Turk Broda, Greatest Playoff Goalie Ever…that even caught me (the Leaf fan) off guard. The numbers tend to back it up though. He won 5 Cups and led in GAA on 4 occasions. His career playoff average of 1.98 is a whopping 28% better than his regular season GAA of 2.51. Grant Fuhr and Billy Smith’s is each 16% better and Plante’s 11% better than his regular average. As good as Roy was, his performance raised only 10% in the playoffs, less than Smith’s and far below Broda’s. Sawchuk's GAA in the playoffs is slightly higher than his regular season and Ken Dryden in fact had a GAA 7% worse in the playoffs, but did win the Cup 6 times and led in GAA 3 times.

Admittedly, I could use many more factors in this system, but I feel it gives a nice numerical rating of playoff greatness and is good starting point for the discussion of playoff greats. That being said, I’m very comfortable with calling Maurice Richard the greatest Playoff performer in NHL history.





3 comments:

Customer said...

Nitzy,

I believe Chris Osgood should be on the list of top playoff performers. According to my notes he has a regular season GAA of 2.49 and a playoff GAA of 2.09 in 129 playoff games. Add in his 3 stanley cups and he is at least at 131. I am not sure how many times he led the playoffs in GAA but I would bet at least once.

JRA said...

He led the playoffs in GAA once in 2008 with a 1.55 on the way to a cup. so he is tied with Brodeur at 135.

JAY DAVIDSON said...

Nitzy you are full of COKE with placing Phil Esposito that high on your list.

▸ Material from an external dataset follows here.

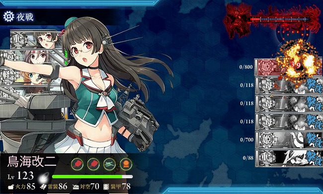 しかしさすがに姫6隻編成の攻撃は半端無いです。時にはこんな状態で艦隊が戻って来る事も・・・。これ、修理代いくら掛かるんだ?(遠い目

I am from Boston, adn ESPO STUNK in Playoffs.

Had 3 measly goals in 1971 playoff that we lost in 7. Had none in the 72 cup final

In 1974 Bobby Clarke checked him to death.

Terry O'Reilly scored 3 playoff winning goals in OT. Where is he
on your list?

How could you rate Roy over Ken Dryden? Dryden played 9 years and won 6 Cups.